Vladimir Pavlovich Andriejczenko (Belarusian: Уладзімір Паўлавіч Андрэйчанка; Russian: Владимир Павлович Андрейченко; born 2 January 1949) is a Belarusian agronomist and politician who was Chair of the House of Representatives from October 2008 to March 2024.

== Early life ==
Andreichenko was born on 2 January 1949 in the village of Marjanova, which was part of the Lyozna district in the Byelorussian SSR when he was born. In 1968 he graduated from the Luzhesno (Vitebsk district) Technical School of Sovkhoz. In 1968, he briefly worked as an agronomist of the collective farm "Victory of Socialism", before serving in the Soviet Army for two years.

== Political career ==
In 1972 he first entered politics, becoming an instructor and head of the organizational department of the Lyozna district committee of the Komsomol, and was also an instructor of the Lyozna district committee of the Communist Party of Belarus.
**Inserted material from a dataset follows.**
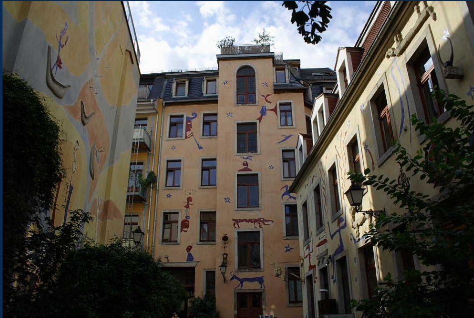
Student's quarter (downtown)
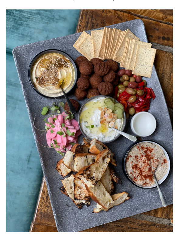
Dips Platter $55 3 middle eastern dips, olives, warm Turkish bread, crackers, falafels & pickles

From October 2008 to March 2024 he was Chair of the House of Representatives, when he was replaced by Igor Sergeenko. He was previously Chairman of the Vitebsk Executive Committee from November 1994 until his election. During his time as chair, the Russian invasion of Ukraine started, and he subsequently criticized organizations that blocked Belarus, saying it was a "fictitious pretext" of supporting the war against Ukraine. He has also accused NATO's expansion, revolutions he stated were stirred by the west, and revisionism of World War II as helping start World War III. In 2019, he attended the 18th Summit of the Non-Aligned Movement.

He stated that after his retirement as chairman, he wanted to move back to Vitsebsk.

== Personal life ==
He owns a house in the village of Drazdy located near Minsk, which is where the majority of Alexander Lukashenko's associates live. His son, Vladislav, was General Director of the mobile operator company MTC. In 2024 he became director of the state-owned Minskintercaps.

== Sanctions ==
In December 2022, Andreichenko was added to the Canadian sanctions list.